> _What the task asks_
With the pictures removed, write out the full listing below exactly.

================

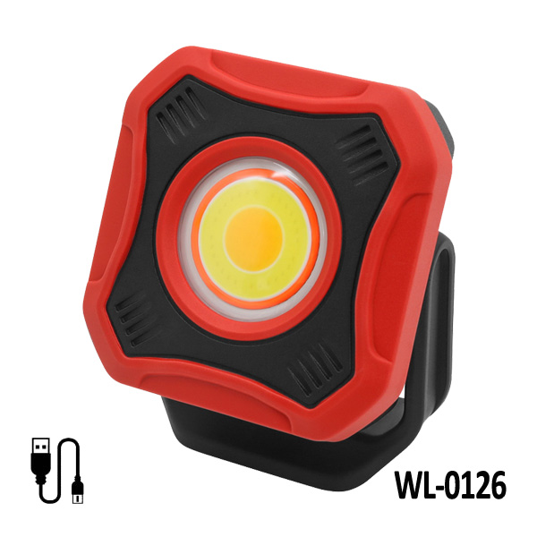Function: 5 modes: COB LED 6500K On, COB LED (6500K+2700K) On, COB LED 2700K On and COB LED In Red On, COB LED In RED flashing. *180° rotation stand;
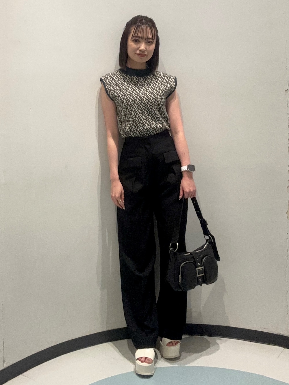 【TOPS】こちらのトップスはフレンチスリーブなので二の腕がガッツリ見えず安心!秋も使えるカラバリなのでインナーとしても使えます! 【PANTS】こちらのパンツは中の裏地が膝上までしかないので夏はサラッと履けて暑くないです!オールシーズン使えるので着回し抜群です! 【BAG】合わせやすさ抜群のBAG!!ポケットたくさんで中身の容量もペットボトル入るくらいになります! 【SHOES】ストラップがついているので足が動かず長時間履いていても気にならないです! 24cmの足のサイズで23.5をピッタリで履いています!
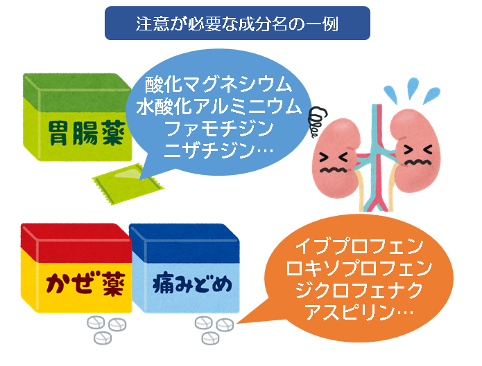 CKDの方が市販薬の風邪薬(総合感冒薬)や解熱鎮痛薬、下剤や制酸剤(胃粘膜を保護する薬)、胃腸薬(H2ブロッカー)を使用する場合は注意が必要です。また、カルシウムやビタミンDを含むサプリメントや健康食品も同様に注意が必要です。
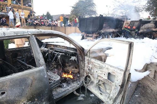 Sau tai nạn, ba xe tải và một xe bốn chỗ cháy trơ khung giữa đường phố ở Phú Thọ.
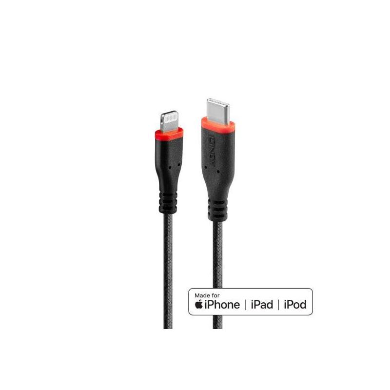 Cablu Lindy LY-31287, Type C to Lightning reinforced, 2m, negru
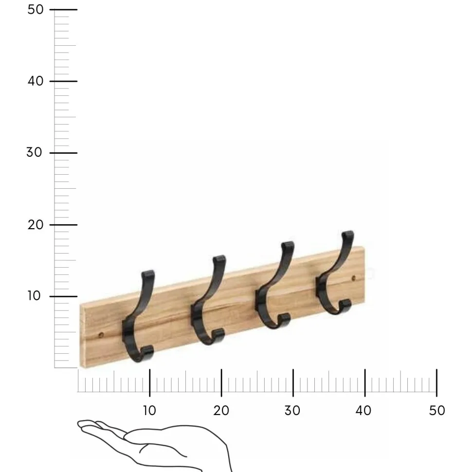 - Drewno paulownia (listwa) i czarny metal (haczyki).
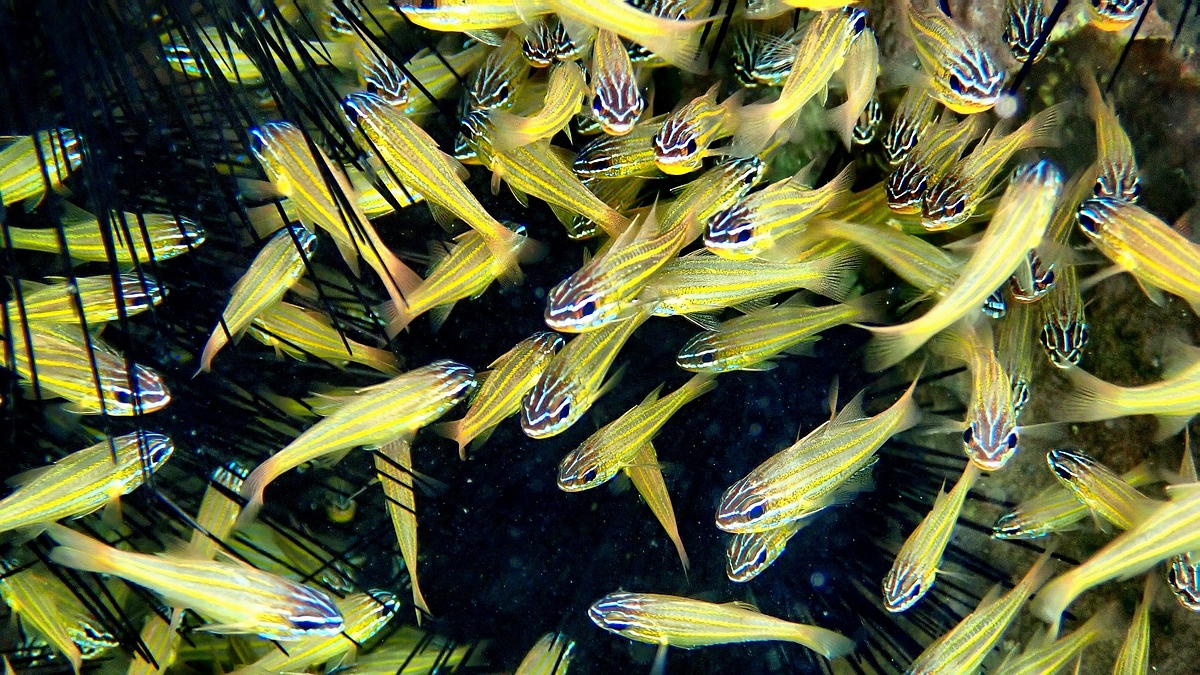 Schwarm Kardinalbarsche Schutz zwischen den Seeigel-Stacheln
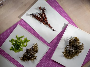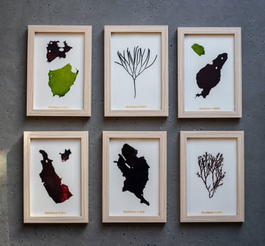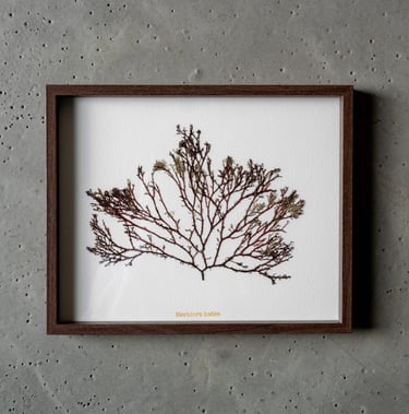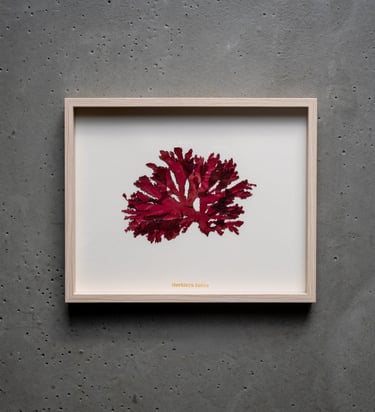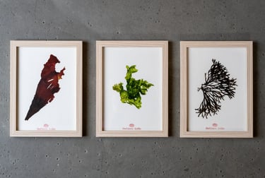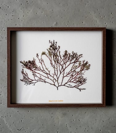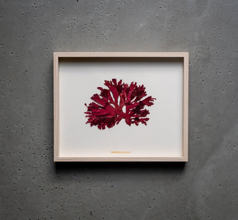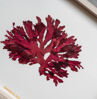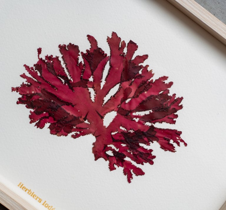 L'alguier, ou herbier d'algues marines, représente une pratique artistique et scientifique qui remonte au XIXe siècle. Contrairement aux herbiers floraux, relativement courants, les alguiers constituent une tradition bien plus rare, presque disparue, qui a vu le jour en Bretagne à des fins d'étude de la biodiversité marine. Aujourd'hui, à Paimpol, je fais revivre cet art ancestral avec une approche contemporaine, transformant les algues du littoral breton en véritables œuvres d'art.
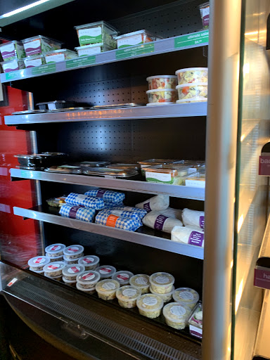 Service OK, but there were several employees at the coffee bar enjoying themselves, maybe on break. The food was very tasty but portions were small. Order taker had to take our order twice. They were out of at least half of the sides and breads offered on the menu. We ordered one sandwich for each of us, (two different kinds, the BLT and roast beef and bleu cheese) We received two BLT sandwiches. The water dispenser was pointed out to us but was empty. I see no need to return.
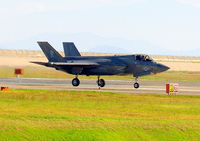 米海兵隊 F-35B ライトニングⅡ 戦闘機(岩国基地)、VK、10番機 13時34分に離陸した機。59分間の飛行でした。 |

================

> _Answer to this exercise_
Function: 5 modes: COB LED 6500K On, COB LED (6500K+2700K) On, COB LED 2700K On and COB LED In Red On, COB LED In RED flashing. *180° rotation stand;
 【TOPS】こちらのトップスはフレンチスリーブなので二の腕がガッツリ見えず安心!秋も使えるカラバリなのでインナーとしても使えます! 【PANTS】こちらのパンツは中の裏地が膝上までしかないので夏はサラッと履けて暑くないです!オールシーズン使えるので着回し抜群です! 【BAG】合わせやすさ抜群のBAG!!ポケットたくさんで中身の容量もペットボトル入るくらいになります! 【SHOES】ストラップがついているので足が動かず長時間履いていても気にならないです! 24cmの足のサイズで23.5をピッタリで履いています!
 CKDの方が市販薬の風邪薬(総合感冒薬)や解熱鎮痛薬、下剤や制酸剤(胃粘膜を保護する薬)、胃腸薬(H2ブロッカー)を使用する場合は注意が必要です。また、カルシウムやビタミンDを含むサプリメントや健康食品も同様に注意が必要です。
 Sau tai nạn, ba xe tải và một xe bốn chỗ cháy trơ khung giữa đường phố ở Phú Thọ.
 Cablu Lindy LY-31287, Type C to Lightning reinforced, 2m, negru
 - Drewno paulownia (listwa) i czarny metal (haczyki).
 Schwarm Kardinalbarsche Schutz zwischen den Seeigel-Stacheln
 L'alguier, ou herbier d'algues marines, représente une pratique artistique et scientifique qui remonte au XIXe siècle. Contrairement aux herbiers floraux, relativement courants, les alguiers constituent une tradition bien plus rare, presque disparue, qui a vu le jour en Bretagne à des fins d'étude de la biodiversité marine. Aujourd'hui, à Paimpol, je fais revivre cet art ancestral avec une approche contemporaine, transformant les algues du littoral breton en véritables œuvres d'art.
 Service OK, but there were several employees at the coffee bar enjoying themselves, maybe on break. The food was very tasty but portions were small. Order taker had to take our order twice. They were out of at least half of the sides and breads offered on the menu. We ordered one sandwich for each of us, (two different kinds, the BLT and roast beef and bleu cheese) We received two BLT sandwiches. The water dispenser was pointed out to us but was empty. I see no need to return.
 米海兵隊 F-35B ライトニングⅡ 戦闘機(岩国基地)、VK、10番機 13時34分に離陸した機。59分間の飛行でした。 |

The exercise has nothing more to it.